**Exercise instructions:** The material below is to be copied exactly from the line with "2、在袋子中放入五花肉条把酱" up to and including the line with "Made on a handy", with nothing else kept and no pictures.

**Record excerpts:**
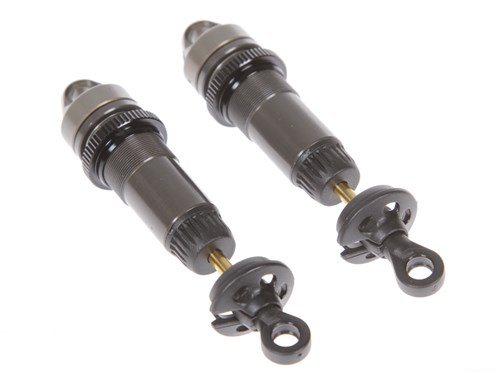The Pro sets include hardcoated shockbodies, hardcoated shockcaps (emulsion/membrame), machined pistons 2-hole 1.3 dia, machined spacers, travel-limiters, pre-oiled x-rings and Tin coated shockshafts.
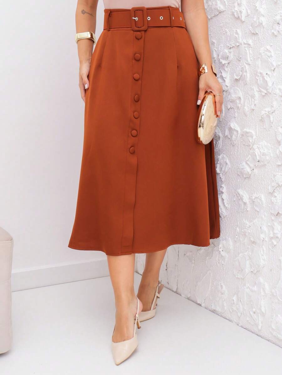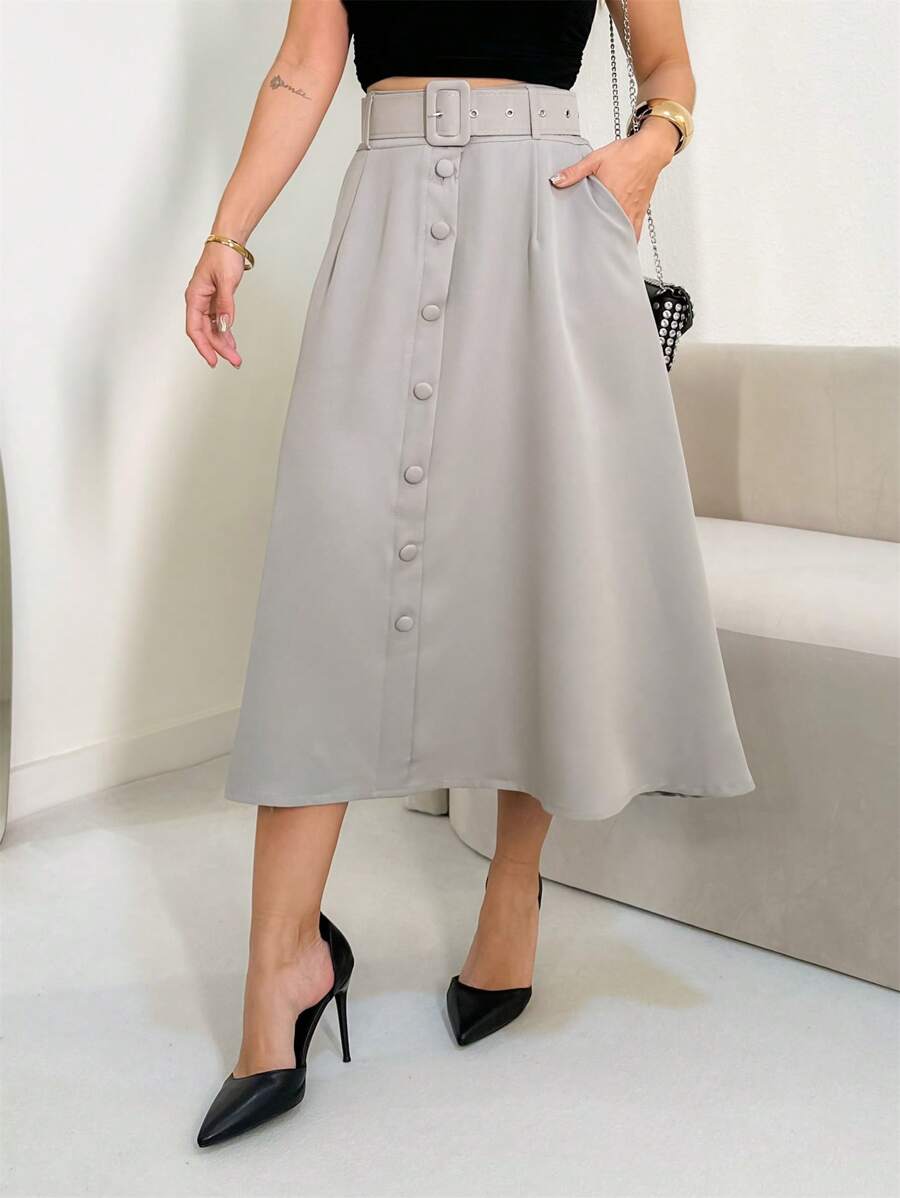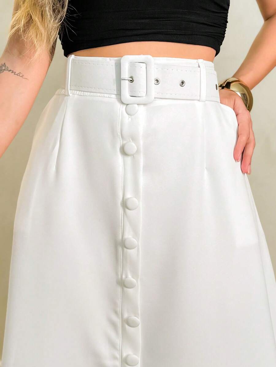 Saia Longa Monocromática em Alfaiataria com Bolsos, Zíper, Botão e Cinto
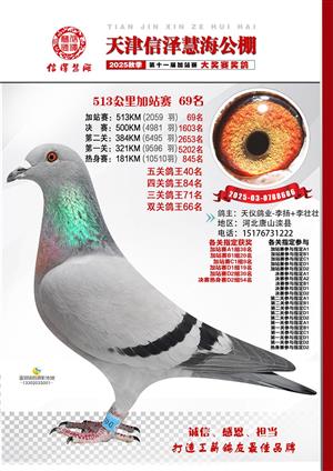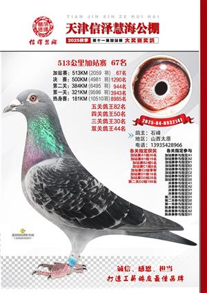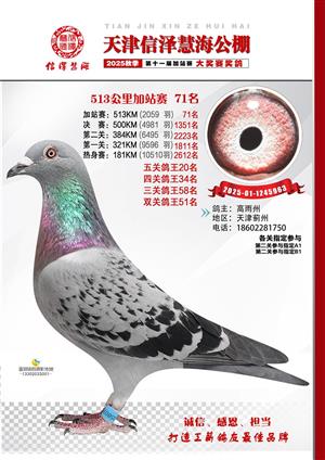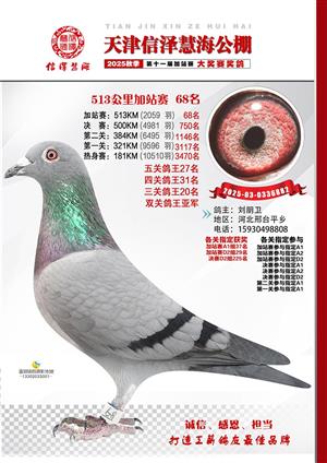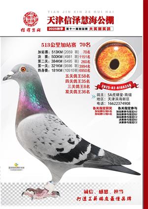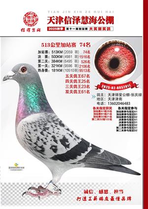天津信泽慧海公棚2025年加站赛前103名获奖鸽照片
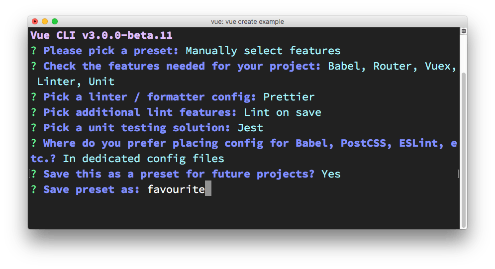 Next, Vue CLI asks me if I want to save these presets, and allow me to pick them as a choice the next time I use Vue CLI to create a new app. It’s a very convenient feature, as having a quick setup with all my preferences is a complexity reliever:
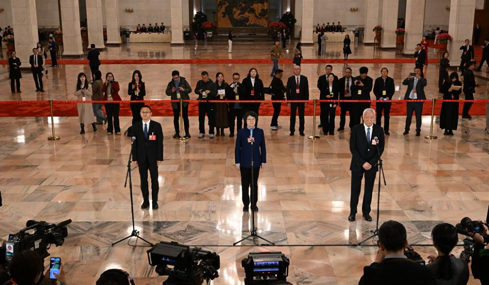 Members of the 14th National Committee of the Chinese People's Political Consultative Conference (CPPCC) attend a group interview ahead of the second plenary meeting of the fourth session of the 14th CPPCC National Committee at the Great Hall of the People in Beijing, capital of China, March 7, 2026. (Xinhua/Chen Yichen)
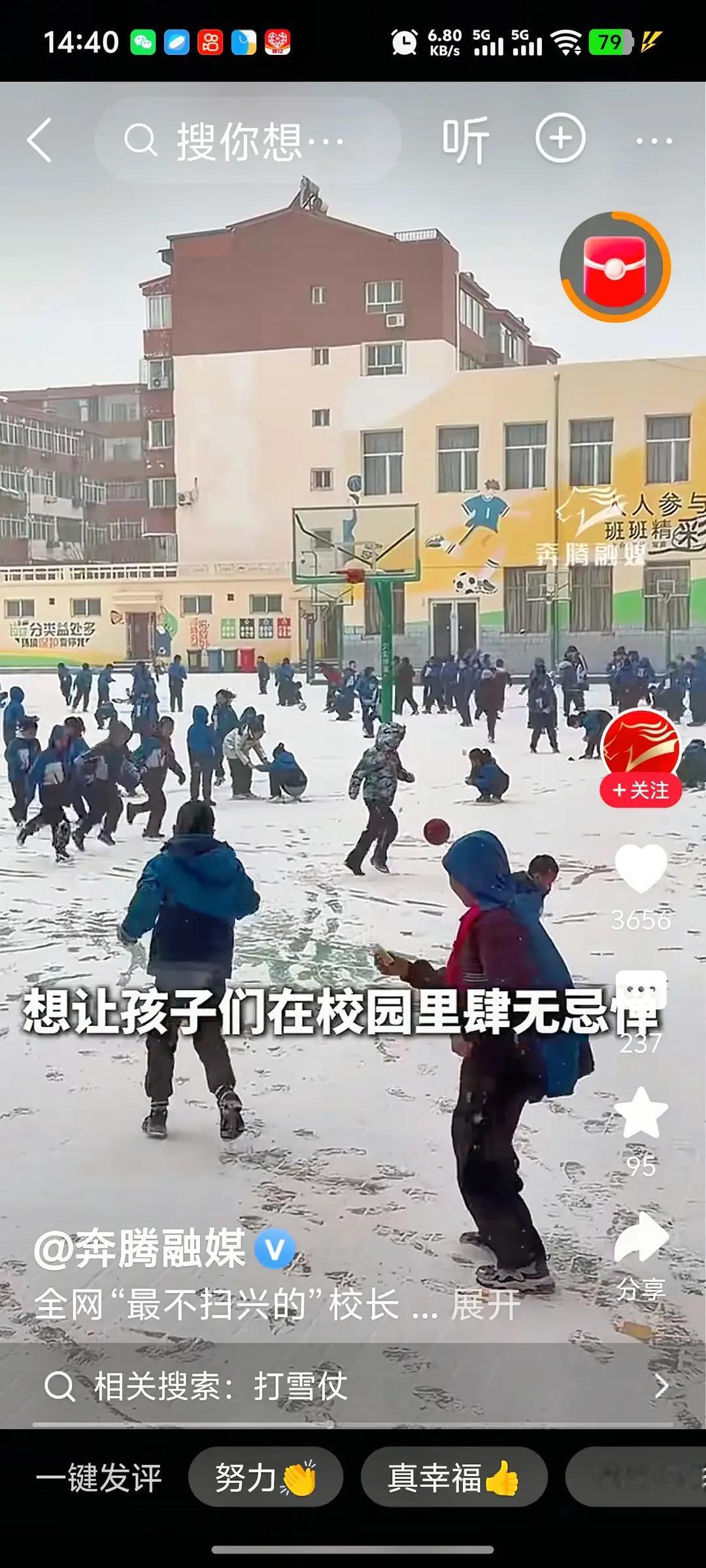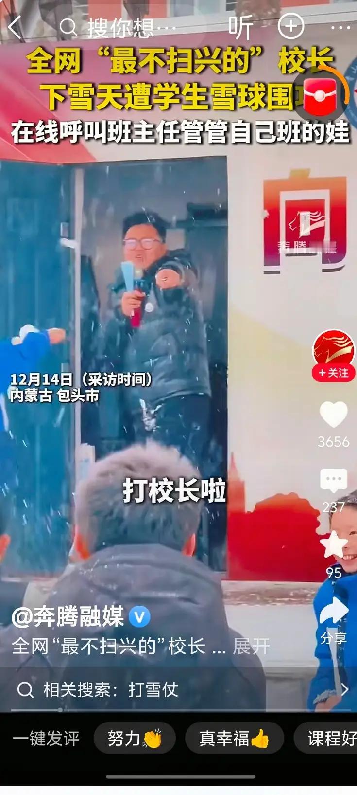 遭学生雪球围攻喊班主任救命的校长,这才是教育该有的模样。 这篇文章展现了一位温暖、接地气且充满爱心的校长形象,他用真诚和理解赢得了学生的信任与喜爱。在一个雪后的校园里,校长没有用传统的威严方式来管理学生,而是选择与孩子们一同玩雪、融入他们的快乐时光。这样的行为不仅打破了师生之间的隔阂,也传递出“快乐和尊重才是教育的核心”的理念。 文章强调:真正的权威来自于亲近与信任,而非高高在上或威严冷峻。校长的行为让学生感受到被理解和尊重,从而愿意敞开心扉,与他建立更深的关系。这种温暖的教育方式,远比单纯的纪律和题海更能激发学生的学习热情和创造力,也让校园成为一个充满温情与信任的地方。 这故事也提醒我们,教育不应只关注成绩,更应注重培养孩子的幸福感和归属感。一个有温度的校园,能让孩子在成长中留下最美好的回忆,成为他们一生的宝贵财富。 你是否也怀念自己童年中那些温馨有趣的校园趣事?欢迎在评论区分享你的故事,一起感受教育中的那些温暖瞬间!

==

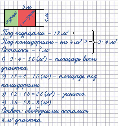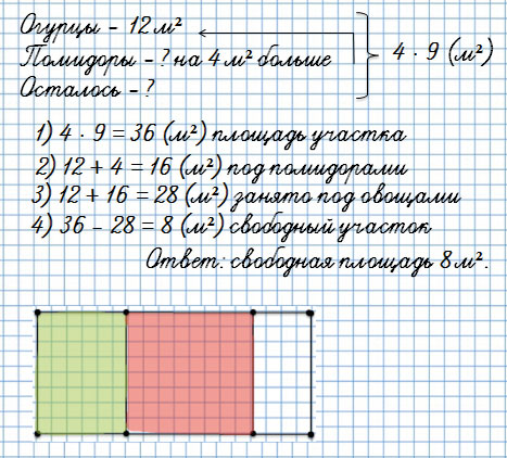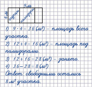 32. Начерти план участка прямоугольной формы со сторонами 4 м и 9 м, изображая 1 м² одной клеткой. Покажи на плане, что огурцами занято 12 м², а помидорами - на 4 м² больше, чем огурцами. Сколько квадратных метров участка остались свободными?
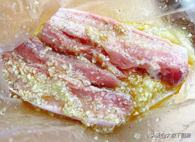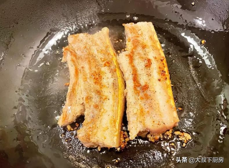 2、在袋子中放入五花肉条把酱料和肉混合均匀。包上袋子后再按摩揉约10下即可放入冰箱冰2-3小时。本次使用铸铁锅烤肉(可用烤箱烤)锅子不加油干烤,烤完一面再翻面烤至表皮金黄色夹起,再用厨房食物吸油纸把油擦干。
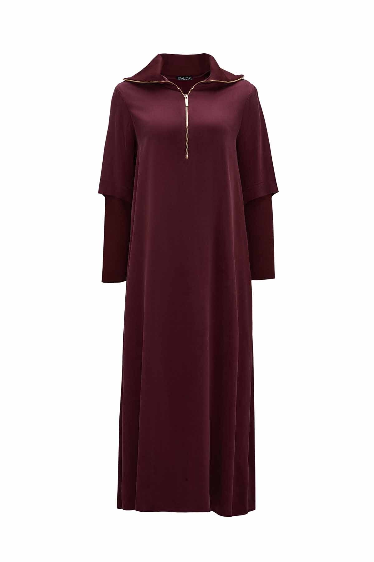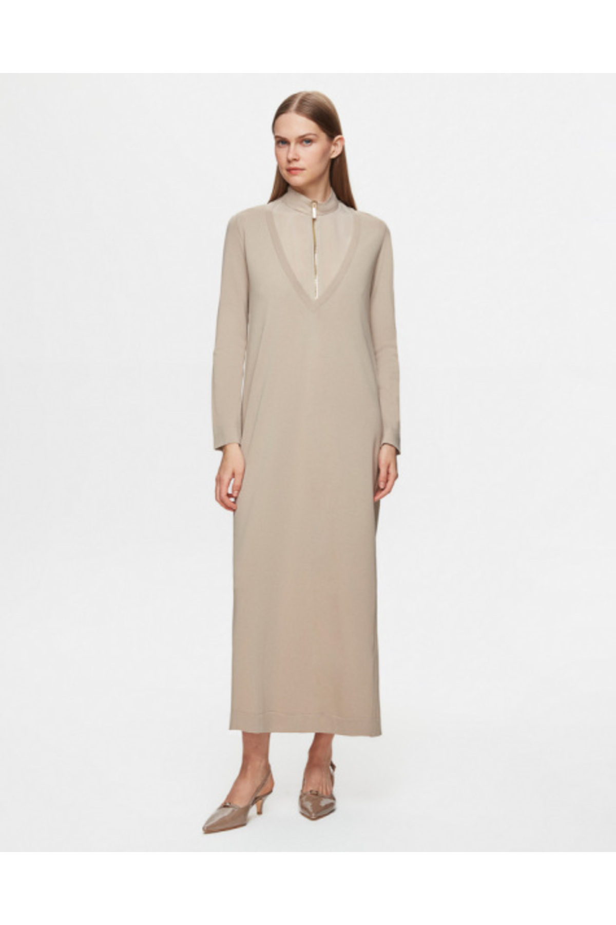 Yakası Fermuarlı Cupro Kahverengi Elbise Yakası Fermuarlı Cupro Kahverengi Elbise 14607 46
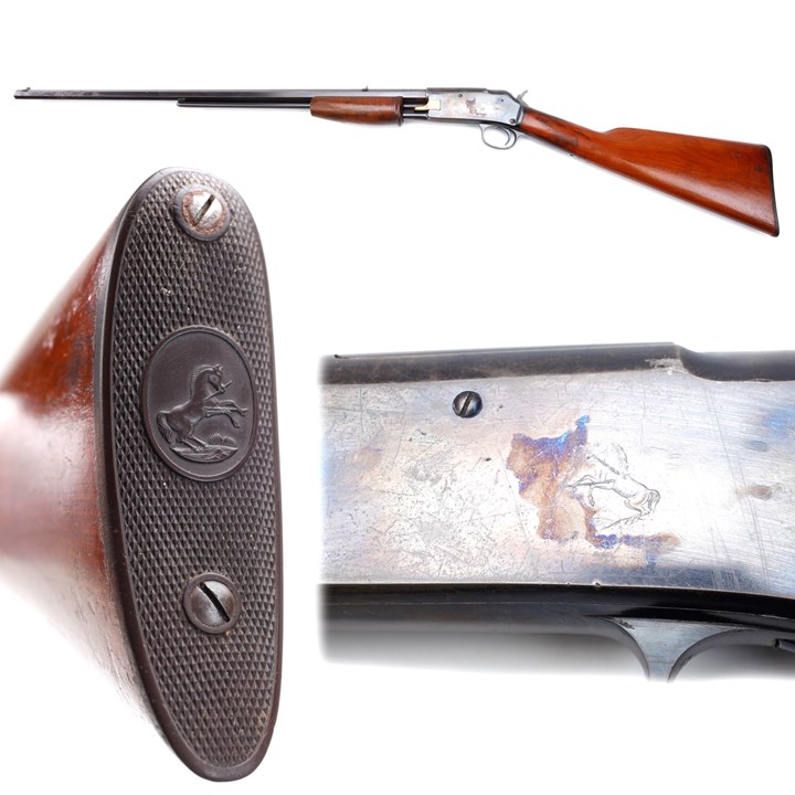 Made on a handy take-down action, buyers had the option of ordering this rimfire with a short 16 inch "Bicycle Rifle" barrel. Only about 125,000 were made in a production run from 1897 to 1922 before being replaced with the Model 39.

**Solved exercise:**
 2、在袋子中放入五花肉条把酱料和肉混合均匀。包上袋子后再按摩揉约10下即可放入冰箱冰2-3小时。本次使用铸铁锅烤肉(可用烤箱烤)锅子不加油干烤,烤完一面再翻面烤至表皮金黄色夹起,再用厨房食物吸油纸把油擦干。
 Yakası Fermuarlı Cupro Kahverengi Elbise Yakası Fermuarlı Cupro Kahverengi Elbise 14607 46
 Made on a handy take-down action, buyers had the option of ordering this rimfire with a short 16 inch "Bicycle Rifle" barrel. Only about 125,000 were made in a production run from 1897 to 1922 before being replaced with the Model 39.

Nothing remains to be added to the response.